Mar 02 23:35:04 raspberrypi kernel: i2c-bcm2835 20804000.i2c: i2c transfer timed out
Mar 02 23:35:05 raspberrypi kernel: i2c-bcm2835 20804000.i2c: i2c transfer timed out
Mar 02 23:35:06 raspberrypi kernel: i2c-bcm2835 20804000.i2c: i2c transfer timed out
Mar 02 23:35:07 raspberrypi kernel: i2c-bcm2835 20804000.i2c: i2c transfer timed out

The software "i2cdetect -y 1" takes about 2 seconds to output each cell and the I2C bus seems hung (forever?). I need to power cycle the board to get it back to work (a simple reboot didn't fix). Is it possible my issue is this same issue?
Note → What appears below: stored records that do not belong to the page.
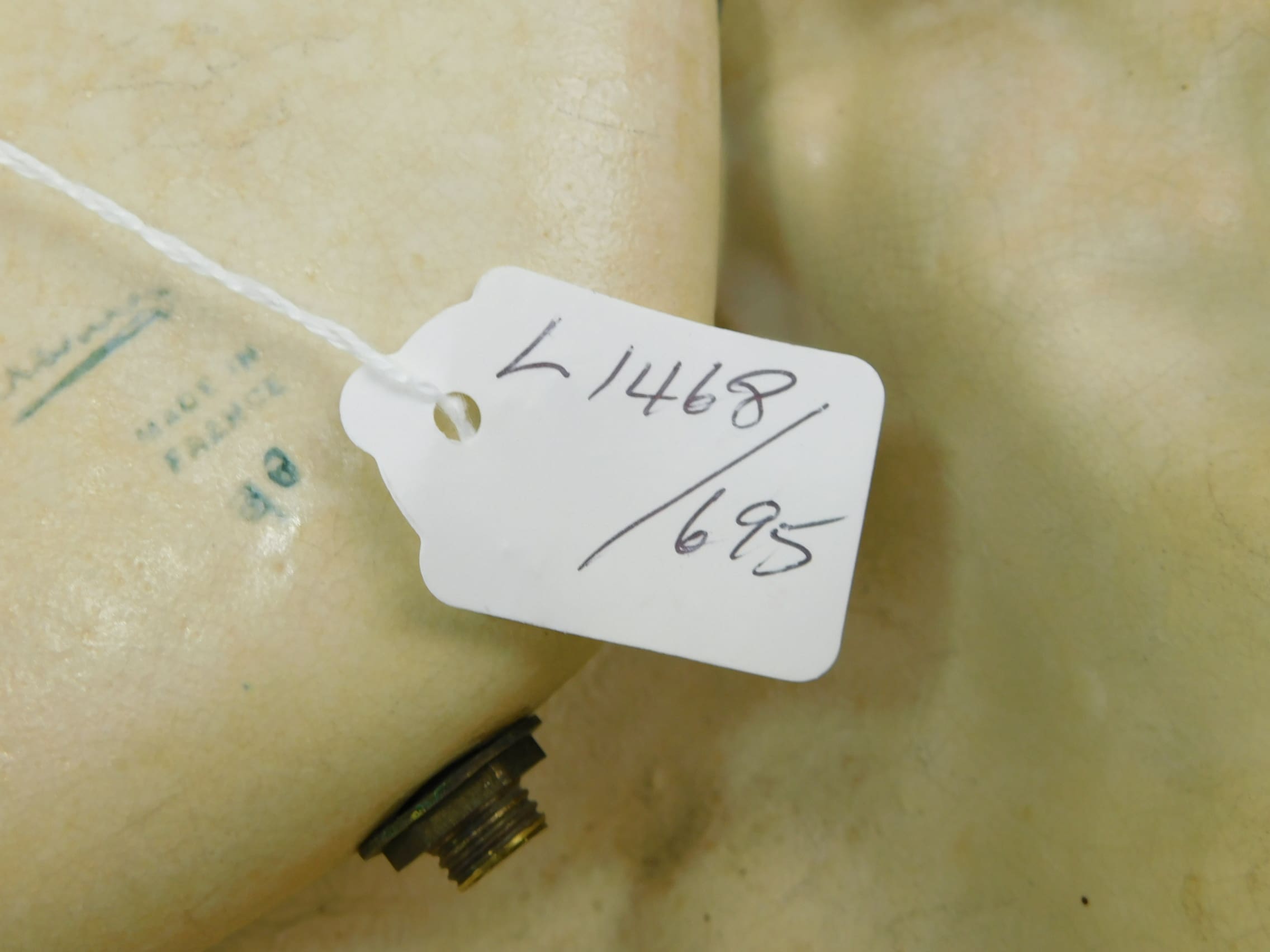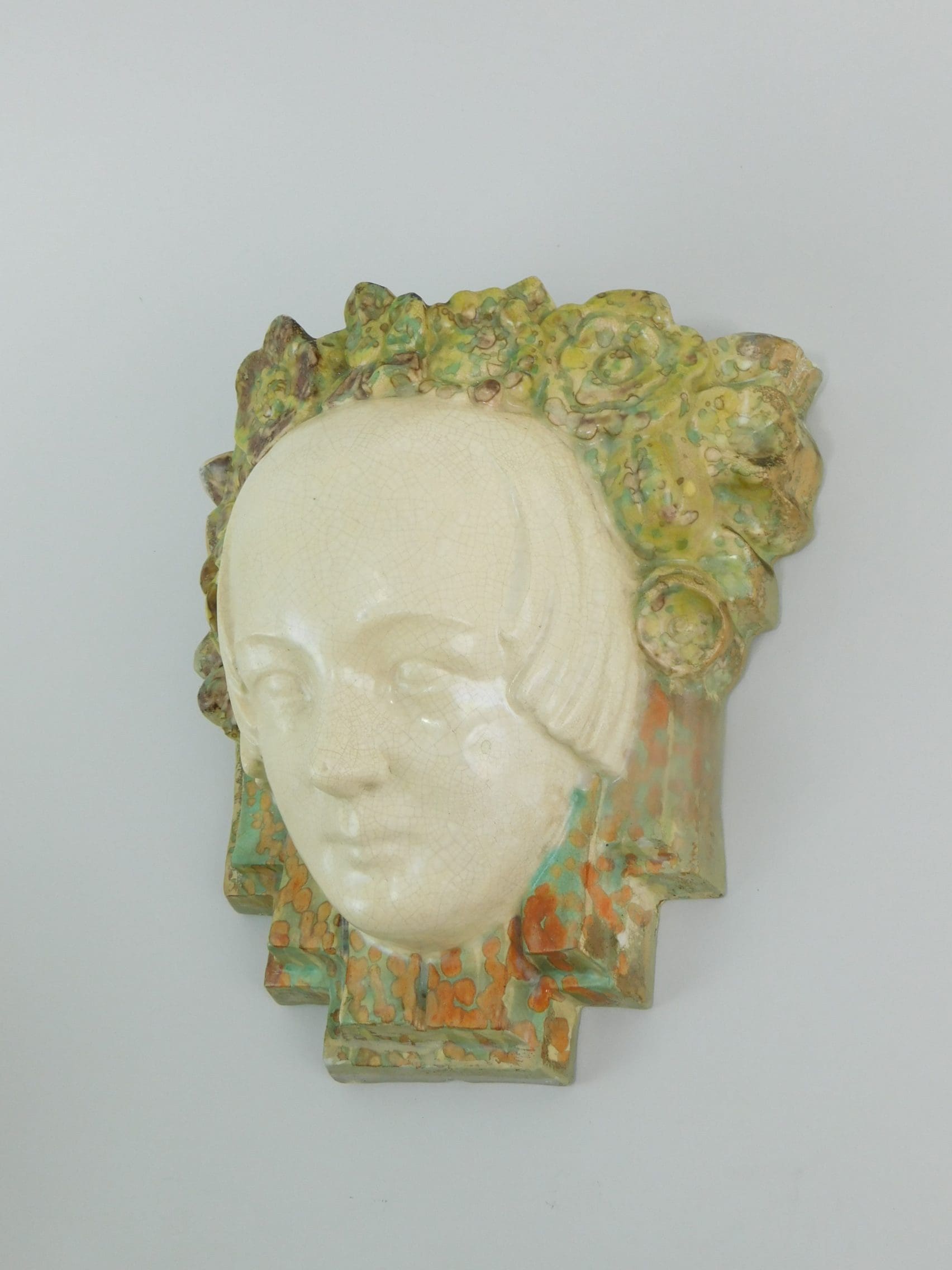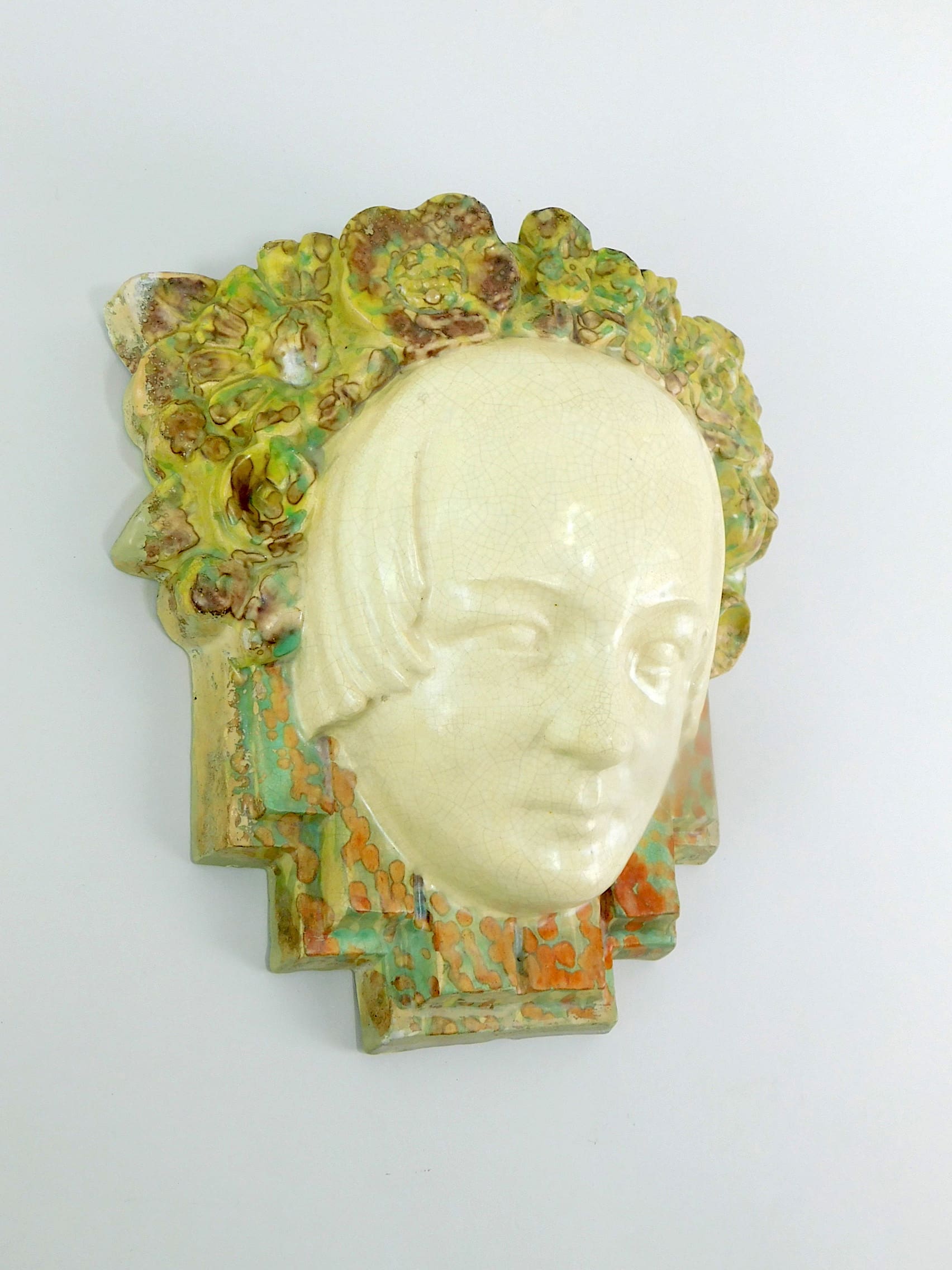 A rare French white terracotta wall uplighter. A white crackle glaze head with stylised floral enamel drip glaze finish. Marked to the back Made in France and bearing an indistinct signature – possibly Cremier?
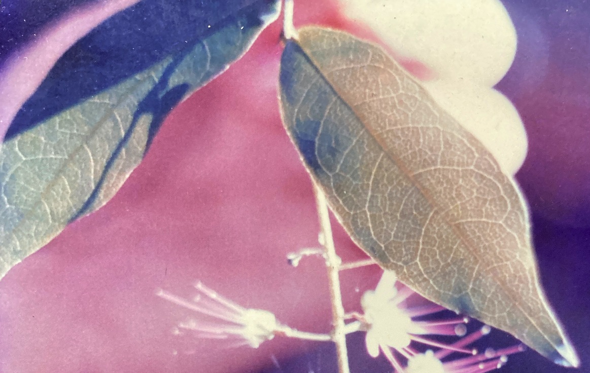 Leaves (8 cm by 2.5 cm) are simple, alternately arranged and very nearly sessile. They are elliptical in shape, possessing slowly-tapering, well-developed drip tips and short petioles (2 mm). The blades themselves are smooth and finely textured with secondary veins, however their mid-ribs sport a thin pubescence (as do the young twigs). New growth occurs at different times during the year but mainly in the months of September and October.
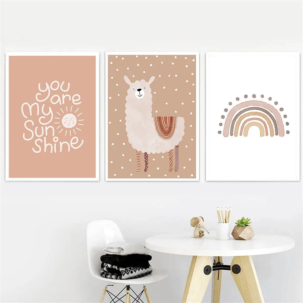 Абстрактная печать You Are My Sunshine художественная работа с цитатами Alpaca детская Картина на холсте постер с радугой скандинавские настенные картины декор детской комнаты
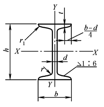 | h—高度 r1—腿端圆弧半径 b—腿宽度 I—惯性矩 d—腰厚度 W—截面系数 t—平均腿厚度 i—惯性半径 r—内圆弧半径 S—半截面的静力矩 | ||||||||||||||
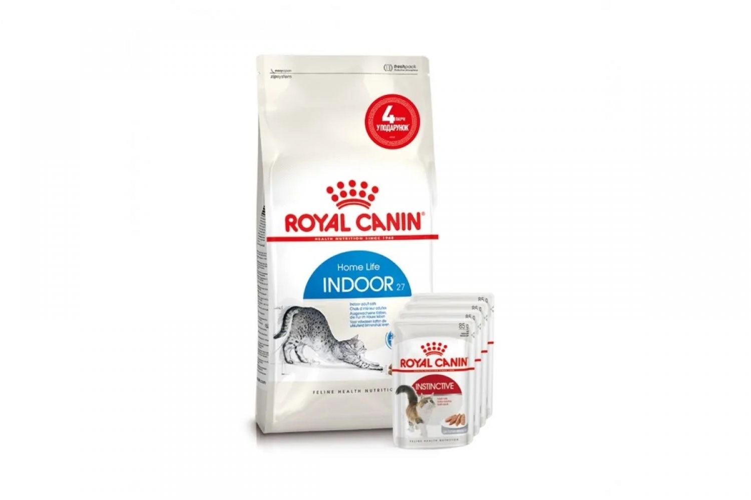 АКЦІЯ Royal Canin INDOOR для кішок у віці від 1 до 7 років набір корму 2 кг + 4 паучі
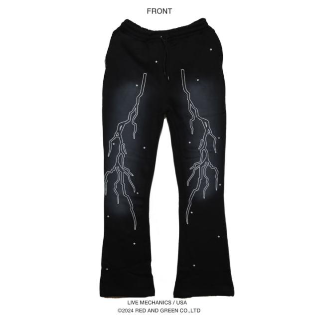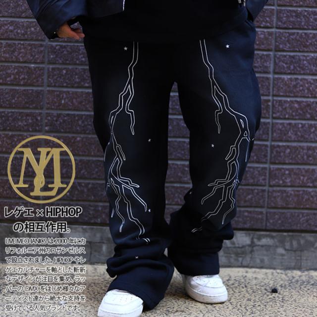 LIVE MECHANICS スウェットパンツ 裏起毛 フレアパンツ ベルボトム フレアー ブーツカット メンズ 春秋冬用 黒 大きいサイズ ライブメカニクス ロングパンツ 総柄 ラッパズボン b系 ヒップホップ ファッション ストリート系 ハイ ブランド 新作 THUNDERP1
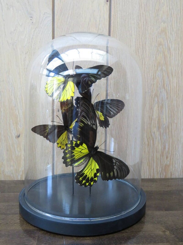 Glazen stolp met 4 echte vlinders in zwart en geel.
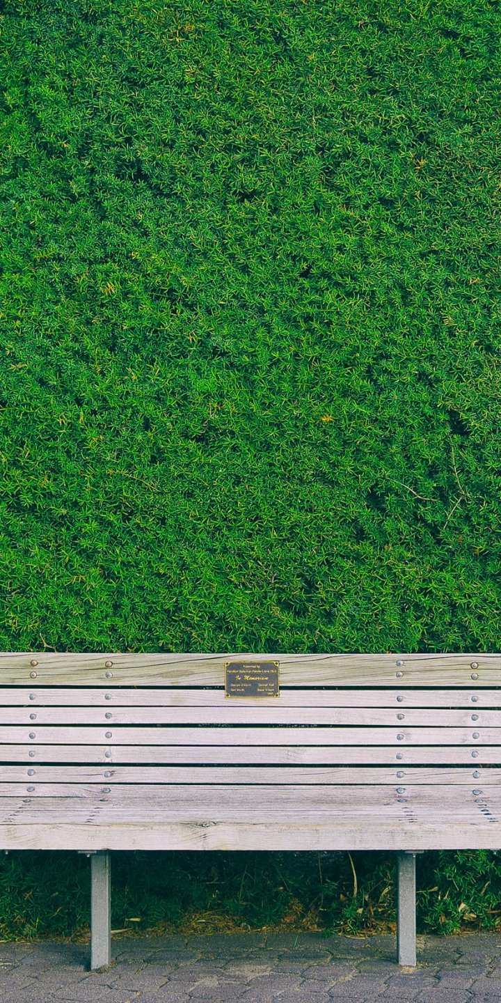 Обои: скамейка, изгородь, зеленый - 720x1440
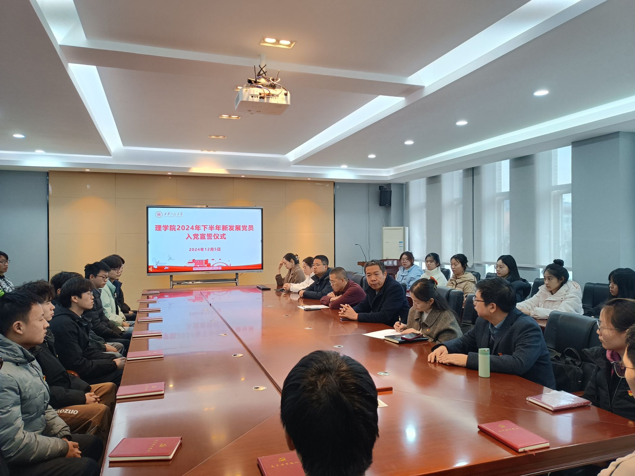 刘玉森代表学院对新加入党组织的同学们表示祝贺,同时提出三点要求:一是坚定理想信念,树立远大目标。要始终以习近平新时代中国特色社会主义思想为指导,把个人发展目标和国家发展命运紧密结合在一起。二是加强学习实践,提升综合素质。要加强对党的理论和专业知识的同步学习,用理论武装自己,提升就业和考研竞争力。三是勇于担当作为,做好示范表率。要用坚定的信念、担当的精神、良好的品行带动周围同学共同进步,为学院发展贡献力量。(撰稿:边冠莉 审稿:刘玉森)
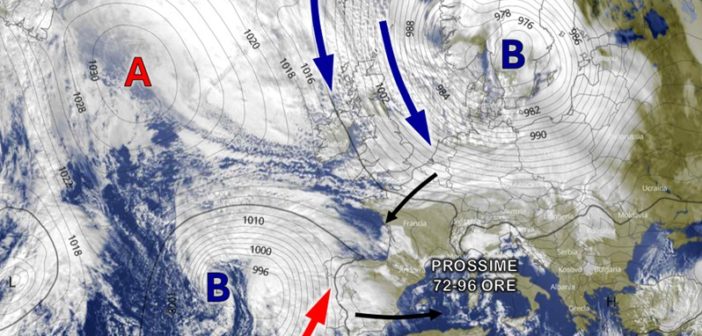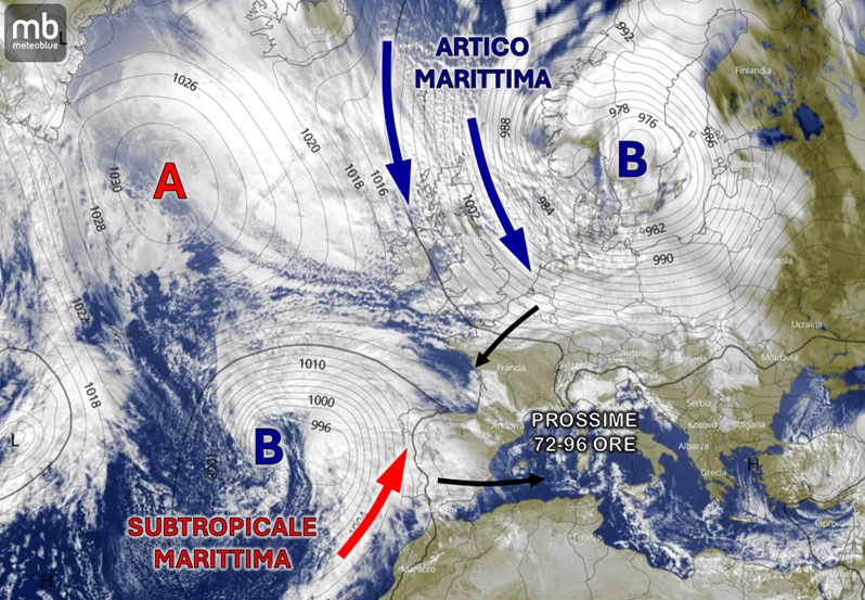 L’immagine satellitare di questo pomeriggio ci mostra la posizione delle figure bariche che saranno responsabili delle condizioni meteorologiche attese sul Mediterraneo nei prossimi 6-7 giorni. Due diverse circolazioni cicloniche, una fredda di origine artica e una più temperata di matrice oceanica, si daranno appuntamento proprio alle nostre latitudini e, interagendo, andranno a costruire le condizioni atmosferiche che osserveremo sulla nostra penisola tra il 4 e il 7 gennaio.

I've pushed a patch to rpi-5.10.y that modifies the interrupt handling in a way that should make it more tolerant to interrupts from the other I2C bus (they all share an IRQ line), delayed interrupts etc. In my testing it's made a massive difference, to the extent that I've not seen a failure yet despite an artificially high I2C load.

@pelwell how do I know if that patch made its way to my Raspbian OS ? I'm running kernel

Linux raspberrypi 6.1.0-rpi7-rpi-v6 #1 Raspbian 1:6.1.63-1+rpt1 (2023-11-24) armv6l GNU/Linux

thanks!

pelwell commented 6 months ago

The patch is not included - it was even reverted in 5.10 because it caused a regression with another device.

f18m commented 6 months ago

The patch is not included - it was even reverted in 5.10 because it caused a regression with another device.

Ouch, thanks for the update. What's your suggested workaround then to I2C bus issues? Force_turbo=1?